Dairy farmers across New Zealand are preparing for the worst as they prepare to cut costs and trim already tight budgets amid the dairy tumble.
Dairy NZ, which advises farmers, said it was helping farmers to gain the maximum profit out of each kilogram of milk solids.
General manager of research and development David McCall said it had been a rough time for farmers with a drought followed by a harsh winter and consistently falling milk prices.
"They've clawed their way out of paying off debt in the last two or three years, in the good years, and this potentially throws them into another $200,000 debt that they're looking at having to take on, and then pay off again as things pick up again."
Falling dairy prices had already led Fonterra to set a cautious opening price of $5.25 per kilo for the new dairy season, while analysts estimated dairy farmers need at least $5.50 to $6 per kilo to break even.
Agrifax dairy analyst Susan Kilsby told Morning Report the latest drop meant many farmers would not break even for a second consecutive year.
"The only way they can survive is by taking on more debt, so a really tough situation to be in."
All products other than lactose fell in price in the overnight auction. Skim milk powder, another important commodity to farmers, fell by about 10 percent to $US1702 per tonne and cheddar slumped 14 percent to $US2613 per tonne.
Rural businesses feel the pinch
A farm machinery company in Taranaki says reduced dairy payouts are beginning to hurt rural businesses.
Taranaki regional manager of Norwood Farm Machinery Mark Sanger said turnover for June was down 32 percent on last year, as farmers kept their wallets in their pockets.
Mr Sanger said he was scaling the business back to 1990s levels ,when low dairy payouts were commonplace.
Things are also tough at Stratford farm supply company Central Milking and Pumping.
Its owner Steve Bruce said declining forward orders meant he was scrutinising all business costs carefully.
He said so far he had been able to avoid cutting staff, but that it was a given that jobs would be lost in the near future.
Highly indebted dairy farmers at risk
The latest slump also raised the spectre of some highly indebted dairy farmers going bust and being forced to sell their farms.
That was last seen on any scale during the 1980s stock market crash, when forced sales by banks became a major issue.

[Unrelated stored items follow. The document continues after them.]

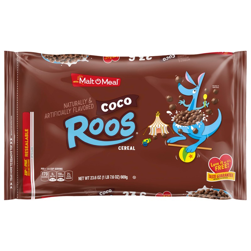 - One 23.6 oz resealable cereal bag of Malt-O-Meal Coco Roos Breakfast Cereal
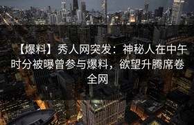 【爆料】秀人网突发:神秘人在中午时分被曝曾参与猛料,勾魂摄魄席卷全网
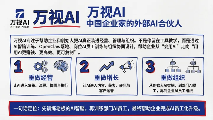 一句话说:万视AI做的,不是让企业“试用AI”,而是帮助企业“拥有AI员工系统”。
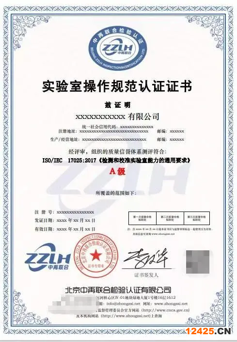 ISO17025實(shí)驗(yàn)室操作規(guī)范認(rèn)證證書 檢測(cè)和校準(zhǔn)實(shí)驗(yàn)室通用
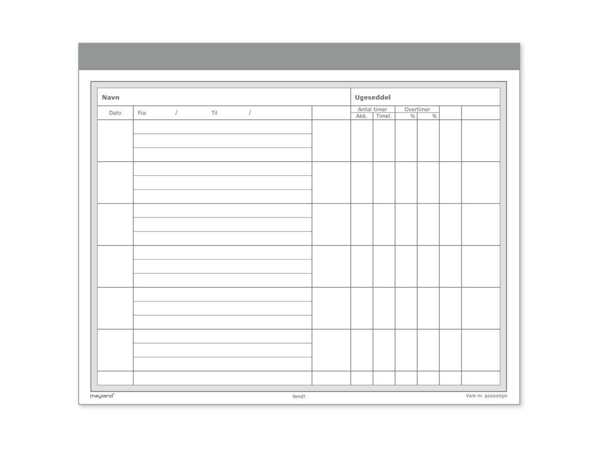Brug ugeseddel blokken til organisering og styr på arbejdsordre og lønsedler. Ugeseddel blokken har indlagt karbonpapir samt felter til opgaver med tilhørende dato, timer og overtimer.
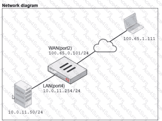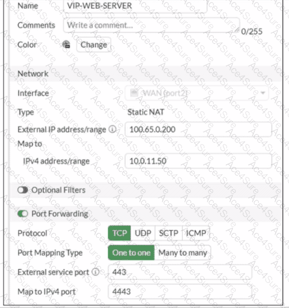 If the host 100.65.1.111 sends a TCP SYN packet on port 443 to 100.65.0.200. what will the source address, destination address, and destination port of the packet be at the time FortiGate forwards the packet to the destination?
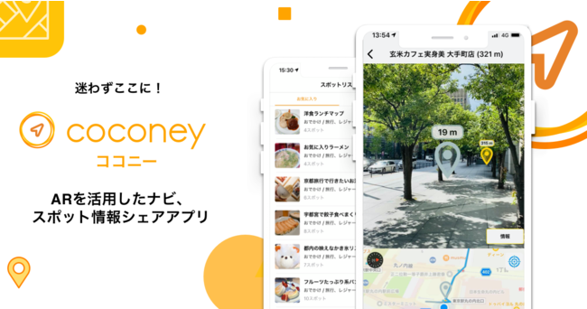 『coconey(ココニー)』は、ARナビ×スポット情報のシェアから生まれる新たな移動体験で、おでかけをもっと楽しくするサービスです。
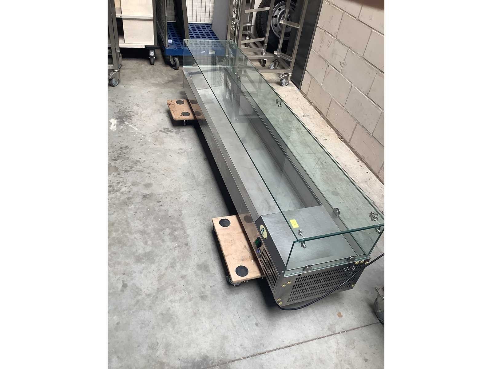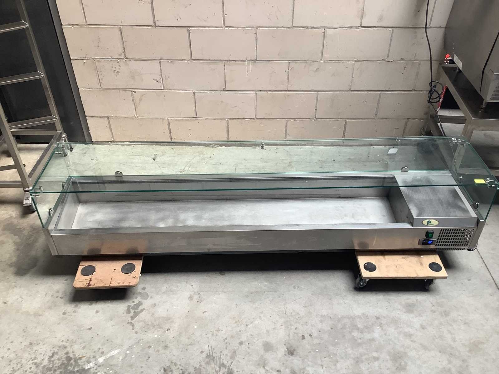 Je kunt volop verse, gekoelde ingrediënten voor je gerechten kwijt in de acht 1/3 GN-bakken die deze 1800 mm opzetvitrine kan herbergen. De glazen top zorgt ervoor dat je klanten kunnen zien wat je te bieden hebt, zodat ze eventueel zelf hun keuze kunnen maken. De behuizing van de vitrine is vervaardigd uit hoogwaardig rvs, dat een professionele uitstraling heeft en eenvoudig schoon te maken is, net als de glazen top. Het koelbereik van +2 tot +8 graden wordt gewaarborgd door een statische koeling. Merk: Pelican Digitale uitlezing: true Aansluiting: 230V Totale afmeting L: 40cm Totale afmeting Breedte: 199cm Totale afmeting Hoogte: 43cm
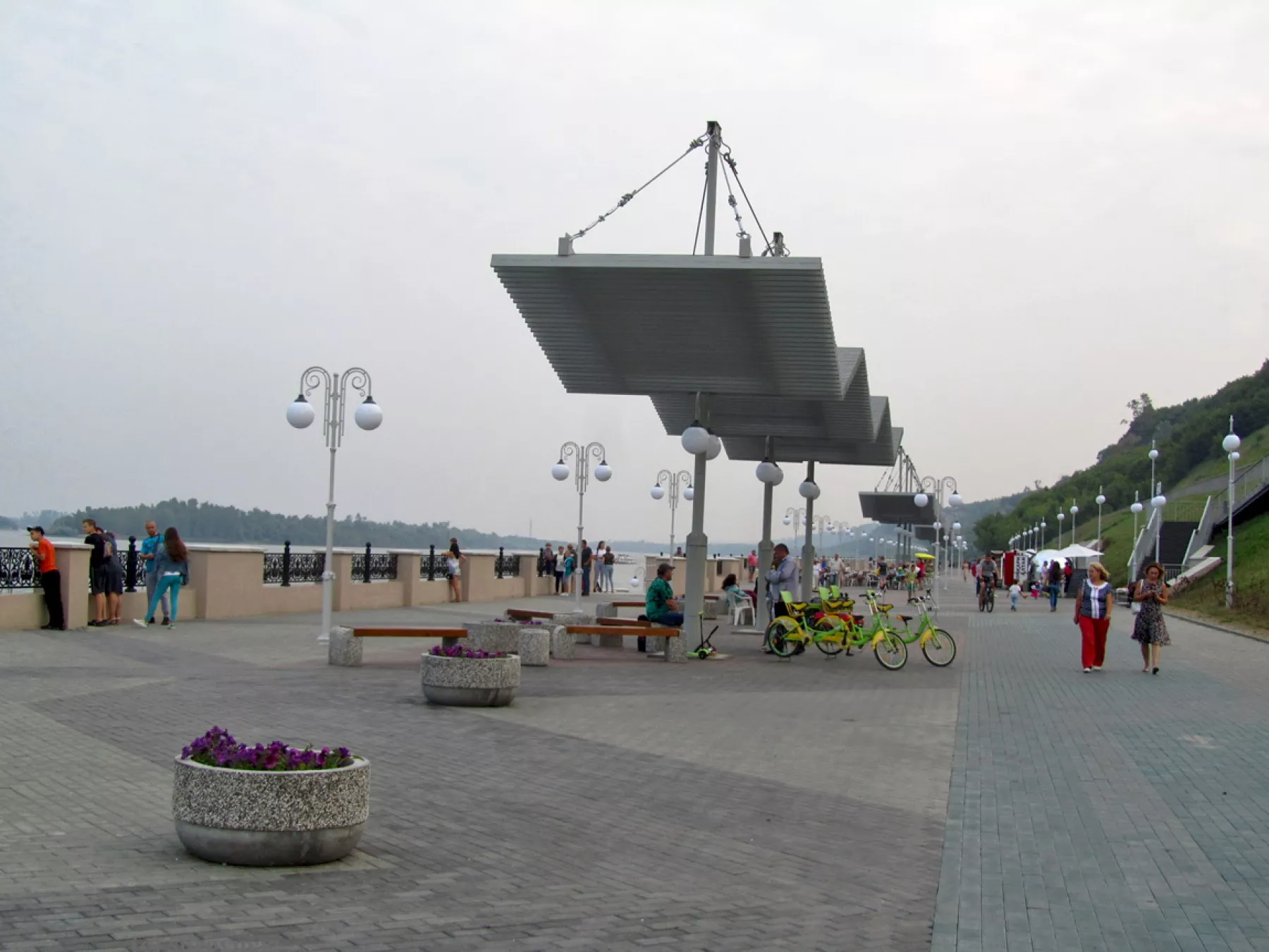 Спустившись со смотровой площадки Нагорного парка вправо, можно увидеть огромные буквы «БАРНАУЛ» и берег Оби, а еще набережную. Да, в отличие от Бийска, она тут есть. Прогулочная зона, протяженностью 514 метров, приспособлена для спокойного отдыха, прогулок и проведения городских мероприятий. Здесь установлен теневой навес, скамейки, амфитеатр, общепит.
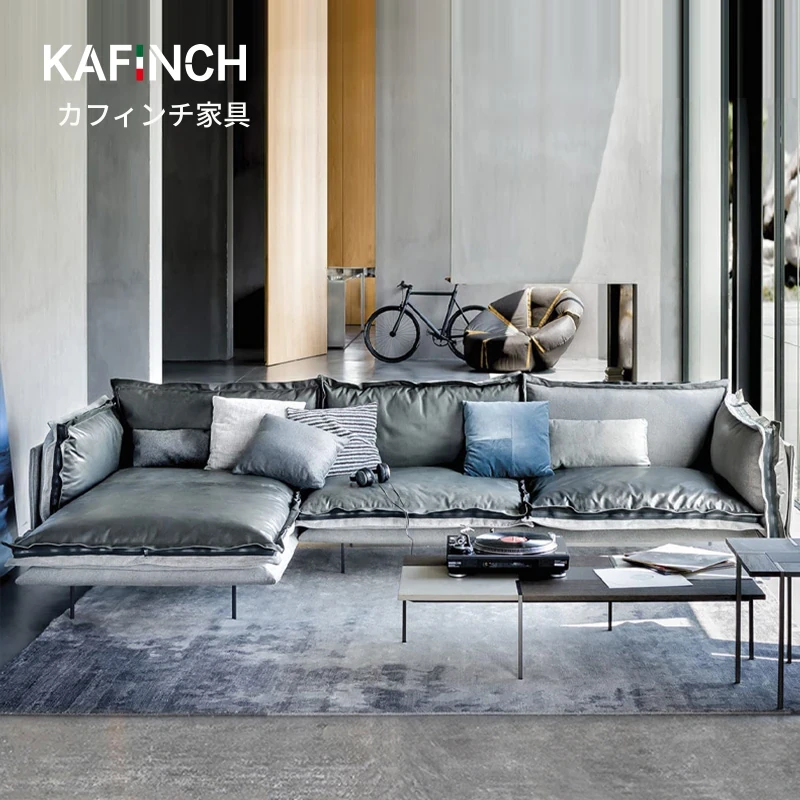 北欧インダストリアル風のミニマリストレザー&ファブリックダウンソファ|イタリアンラグジュアリー、サイズに応じたシンプルでモダンなリビングルームコンビネーション!おしゃれで機能的な空間を演出します。
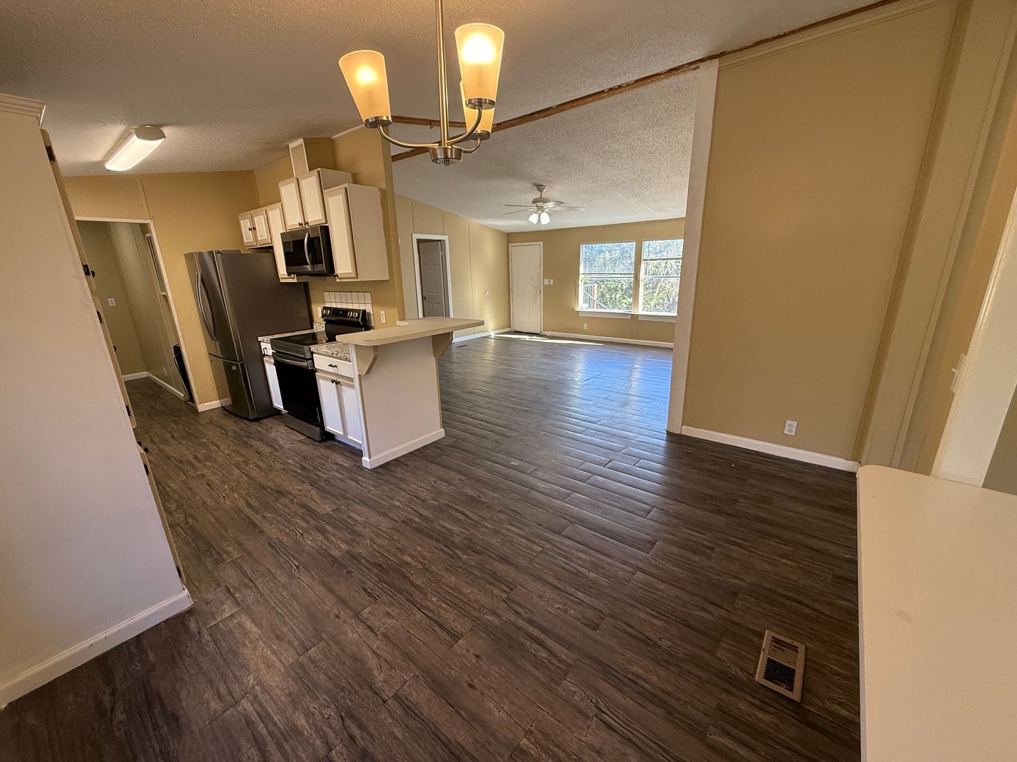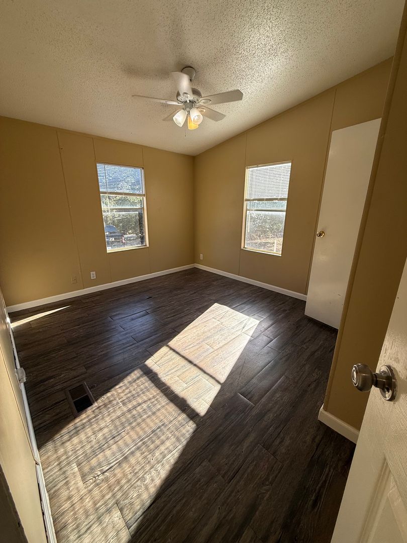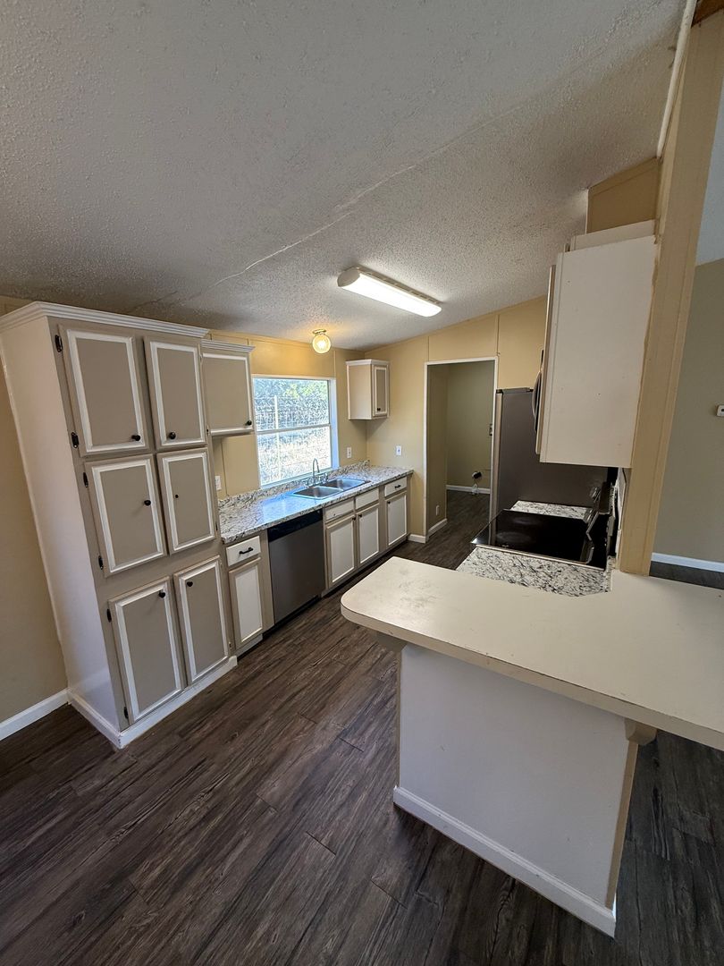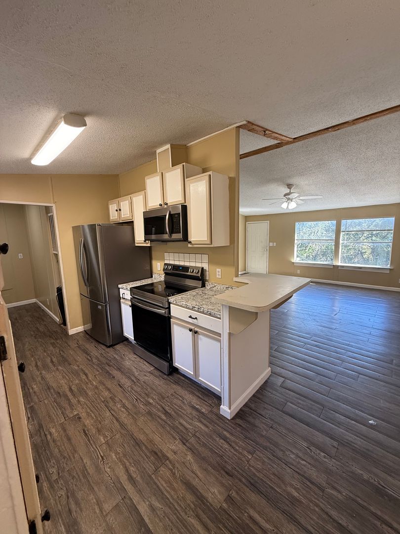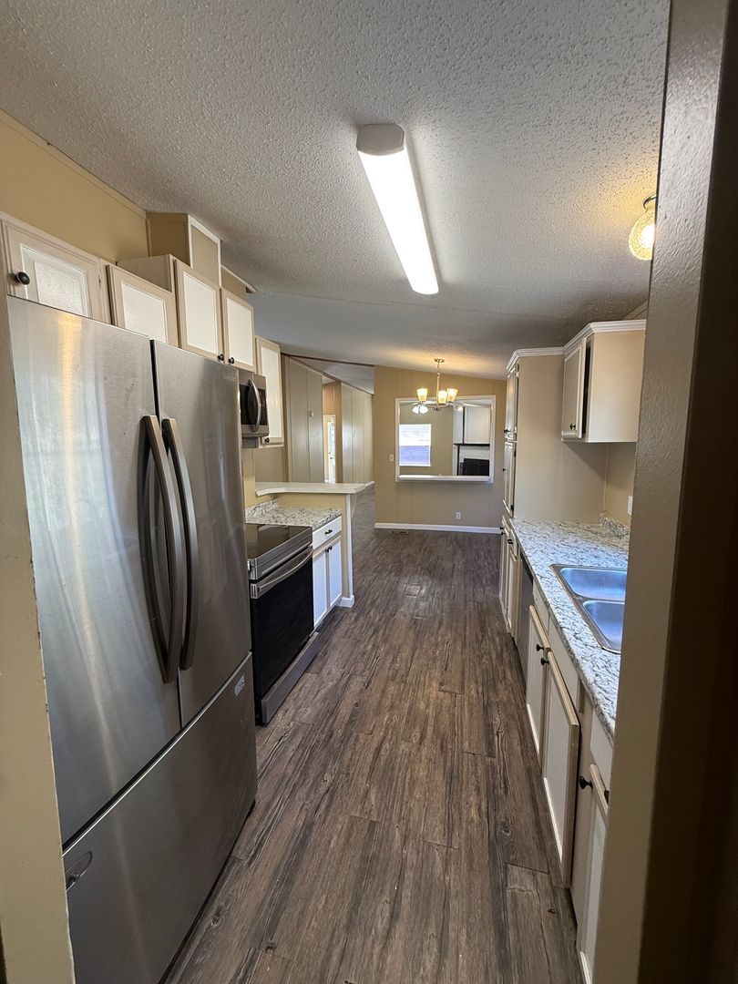 Private home tucked away in the woods off a quiet county road. This spacious 3-bedroom, 2-bath doublewide offers nearly 1,600 sq. ft. of living space, including two living rooms—one featuring a cozy fireplace. The home has been recently updated inside with fresh paint, new flooring throughout, updated fixtures, newer appliances, and more.

Independent rural finance consultant Don Fraser said the most vulnerable farmers in the current climate are those who have borrowed heavily for dairy farm conversions or expansion and who are running a high input, high cost system, feeding cows more grain and palm kernel to get the maximum milk production.
"Those with the high debt, over $30 dollars a kilo, are going to find it extraordinarily difficult to continue, unless they've got a lot of equity in their farms and the banks are prepared to fund that deficit.
"In the [1980s] crash, we just battened everything down, but in those days we were all grass farming, we had very few inputs that we had to pay for. In fact, we really just paid for wages and fertiliser for the year and survived, quite frankly.
"How it's different today is there's a lot more input, a lot more compliance cost and those farmers who have go into high input will find it difficult to get their costs of feed down.
"The difficulty is that high input farming will not work on a very low payout and the ability of a farmer to retract or to go back to a lower input system is very difficult, for the cows, as well as the farmers, to see a cow going back to producing 500 kgs (of milk solids) back to about 350kg."